**Exercise:**
Pictures in the records below must be left out. Return exactly the lines from the line with "Avengers, Bosszúállók alumínium" to the line with "Some 26% still", both included.

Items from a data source
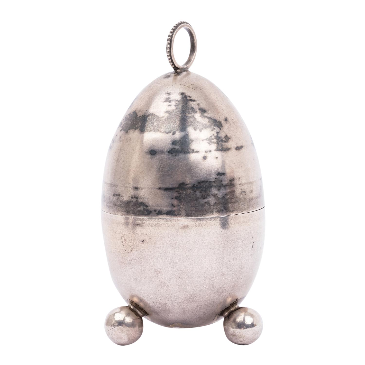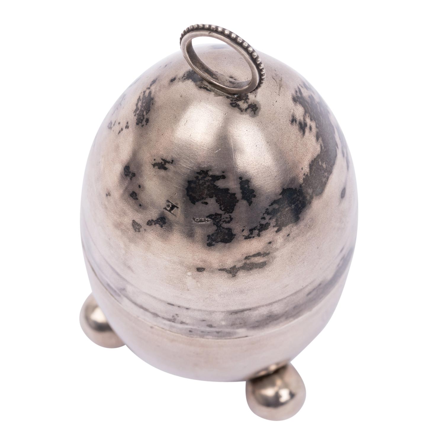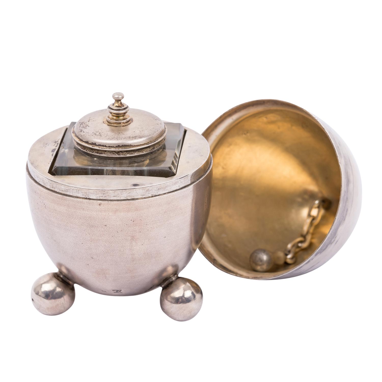 ST. PETERSBURG Inkstand in egg shape, 84 zolotniki, 1882-1899. The egg can be opened: in the lower part standing on 3 ball feet is a glass insert (damaged at the opening) with a silver lid, the upper part of the egg has a ring-shaped handle and can be used as a bell, hallmark for St. Petersburg with fineness 84 as well as an 'E' (probably French import hallmark), h. approx. 11 cm, weight approx. 117 g. Slightly dented, signs of age and use.
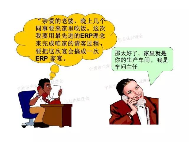 ERP: 一天中午,丈夫在外给家里打电话:“亲爱的老婆,晚上想带几个同事回家吃饭可以吗?”(订货意向)
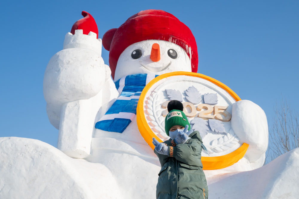 1月3日,在哈爾濱冰雪大世界園區(qū),游客與亞冬會吉祥物雪雕“妮妮”合影。
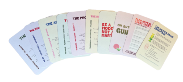 A beautifully designed deck of cards that works like a birth plan for work — helping you navigate the three big phases of working motherhood:
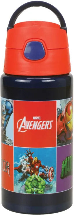 Avengers, Bosszúállók alumínium szívószálas kulacs akasztóval 500 mlErgonómikus fedél gombbal.Flakon védőkupakkal és porvédősapkával. Anyaga: Alumínium, műanyag. BPA mentes!Űrtartalom: 500 ml.... Bővebben
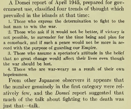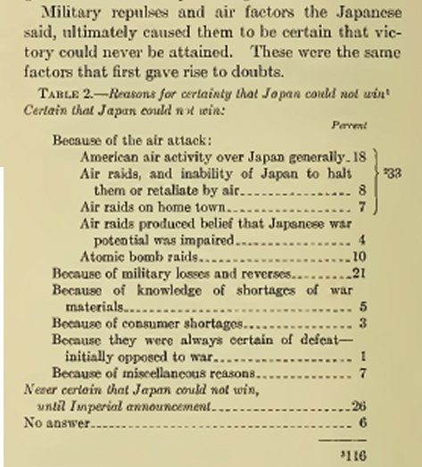Some 26% still thought Japan would not lose the war.
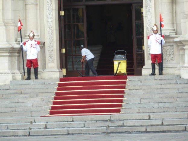 Kaum konnte ich die Szene in Pixel festhalten, werde ich von einem netten Sicherheitsbeamten gebeten, die Straßenseite zu wechseln. Polizei und Wachpersonal läuft auf. Was ist denn da im Busch? Kommt der Präsident Pedro Pablo Kuczynski gerade vom Feiern heim oder ein Staatsbesuch an?! Nein, ich habe zufällig die Gelegenheit, einem ganz besonderen Wachwechsel-Zeremoniell beizuwohnen.
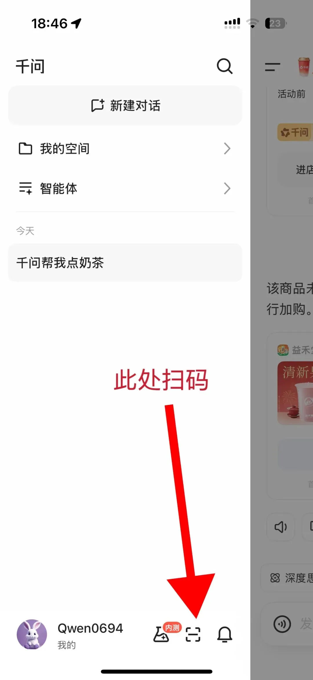 先去手机应用商店搜索 「千问APP」 并下载。安装完成后打开App,进行注册登录后 点击首页右下角的「相机」图标,就能打开扫码功能啦
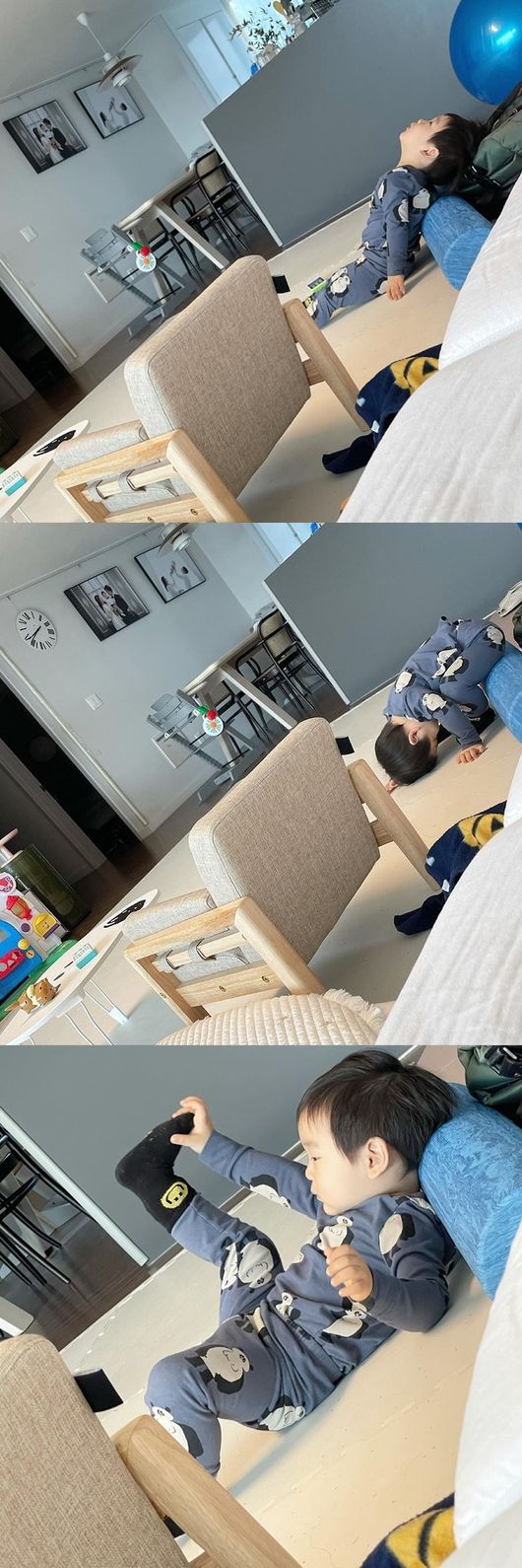 공개된 사진 속에는 서수연의 아들 담호가 거실에서 폼롤러를 이용해 놀고 있는 모습이 담겨 있다. 담호는 앉거나 기대서 스트레칭을 하더니, 다리까지 들어올리는 동작을 취했다. 여유가 넘치는 자연스러운 포즈가 웃음을 자아냈다.
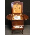 A beautiful wooden sewing storage box, appears Edwardian with RD757105 registration mark. Much sewing paraphernalia set into the lid, lower drawer with lock and key with contents including buttons and threads
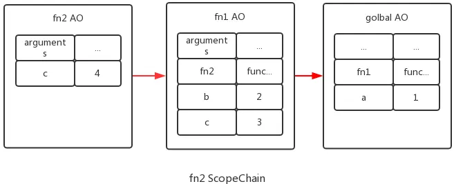 此时:fn2 ScopeChain = [fn2 VO, fn1 VO, global VO], 因此fn2能访问b, 但不能访问c, fn1执行完了,fn1已经出栈,但是fn1并没有被释放。
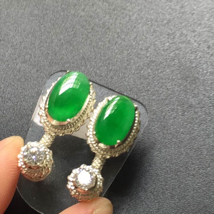 冰阳绿耳钉一对。完美饱满,种老色阳。真金真钻镶嵌。尺寸:9.7-8-6.6。:5500
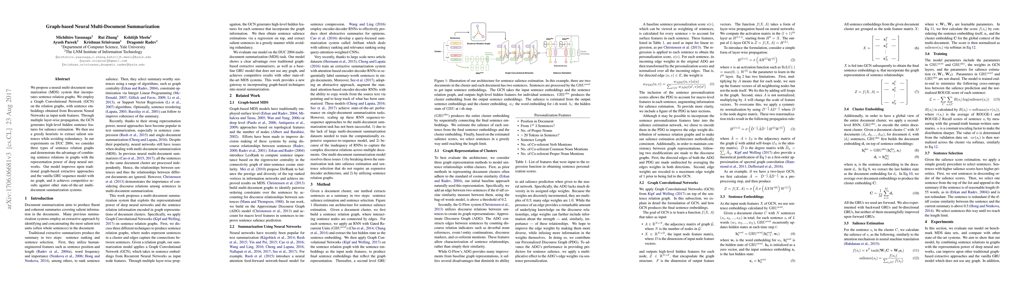 This paper introduces a neural multi-document summarization system that uses sentence relation graphs and Graph Convolutional Networks (GCN) to enhance sentence feature extraction. The model outperforms traditional graph-based methods and achieves competitive results against other state-of-the-art systems.

**Answer box:**
 Avengers, Bosszúállók alumínium szívószálas kulacs akasztóval 500 mlErgonómikus fedél gombbal.Flakon védőkupakkal és porvédősapkával. Anyaga: Alumínium, műanyag. BPA mentes!Űrtartalom: 500 ml.... Bővebben
Some 26% still thought Japan would not lose the war.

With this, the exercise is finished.